*** Opening Data listing ***
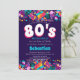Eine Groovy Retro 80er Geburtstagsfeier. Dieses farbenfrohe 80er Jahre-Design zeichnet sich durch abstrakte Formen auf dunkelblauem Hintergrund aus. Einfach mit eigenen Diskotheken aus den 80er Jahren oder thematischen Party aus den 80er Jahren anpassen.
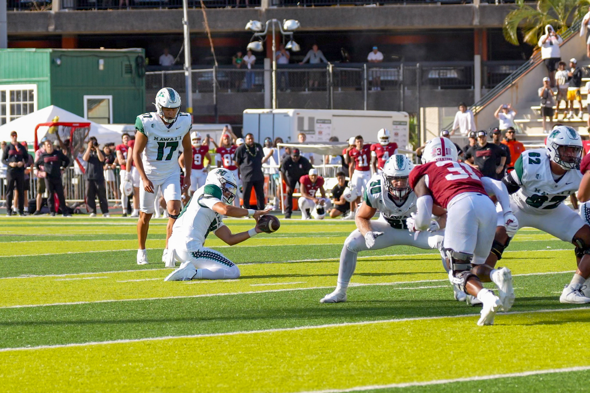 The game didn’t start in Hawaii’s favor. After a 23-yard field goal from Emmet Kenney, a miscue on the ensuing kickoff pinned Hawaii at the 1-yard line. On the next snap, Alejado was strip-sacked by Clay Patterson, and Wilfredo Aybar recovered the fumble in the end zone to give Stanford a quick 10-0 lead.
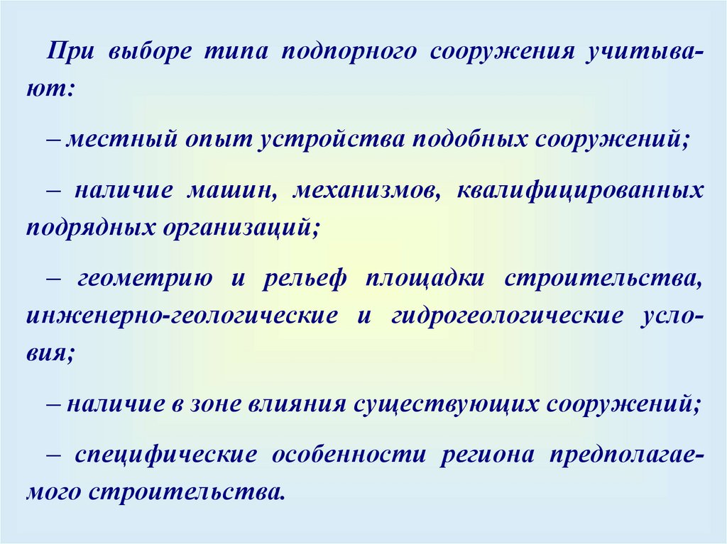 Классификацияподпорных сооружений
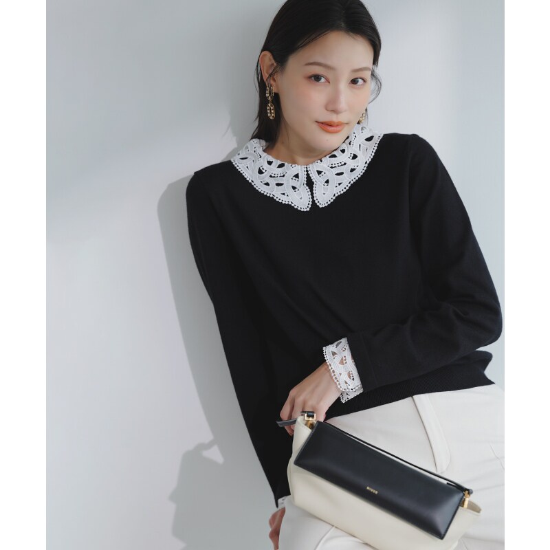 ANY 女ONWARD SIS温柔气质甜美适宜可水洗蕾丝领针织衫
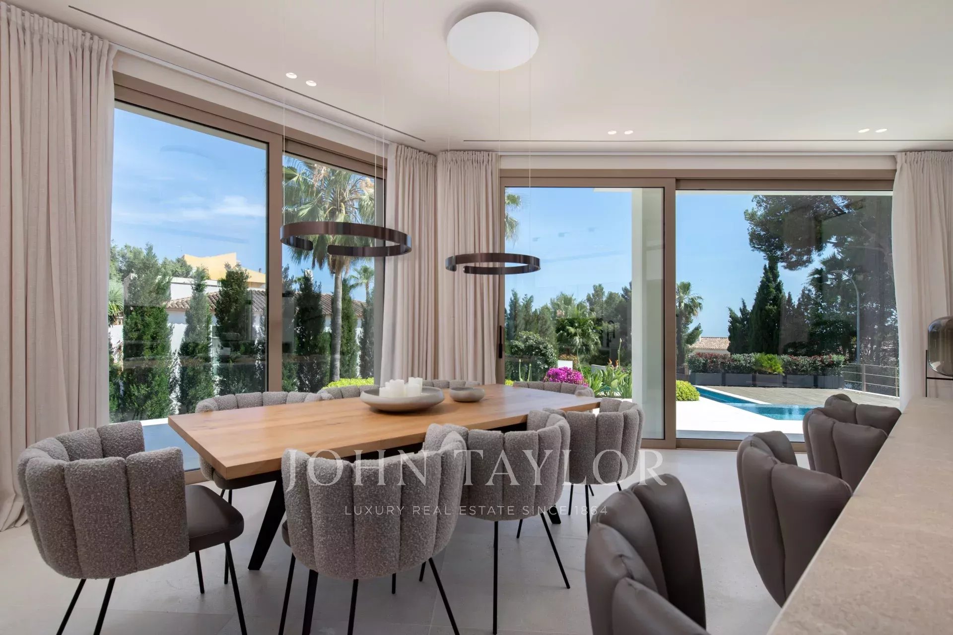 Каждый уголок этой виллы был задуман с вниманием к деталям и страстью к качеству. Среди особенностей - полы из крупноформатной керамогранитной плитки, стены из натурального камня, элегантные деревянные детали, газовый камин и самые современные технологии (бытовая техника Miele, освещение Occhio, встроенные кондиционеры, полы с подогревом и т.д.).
*** Closing Data listing ***
- [What you are asked to do]: The copy should hold only the lines from the one with "The game didn’t" through the one with "Классификацияподпорных сооружений", exactly as they stand above. Leave out the pictures.

- [Answer for this exercise]:
 The game didn’t start in Hawaii’s favor. After a 23-yard field goal from Emmet Kenney, a miscue on the ensuing kickoff pinned Hawaii at the 1-yard line. On the next snap, Alejado was strip-sacked by Clay Patterson, and Wilfredo Aybar recovered the fumble in the end zone to give Stanford a quick 10-0 lead.
 Классификацияподпорных сооружений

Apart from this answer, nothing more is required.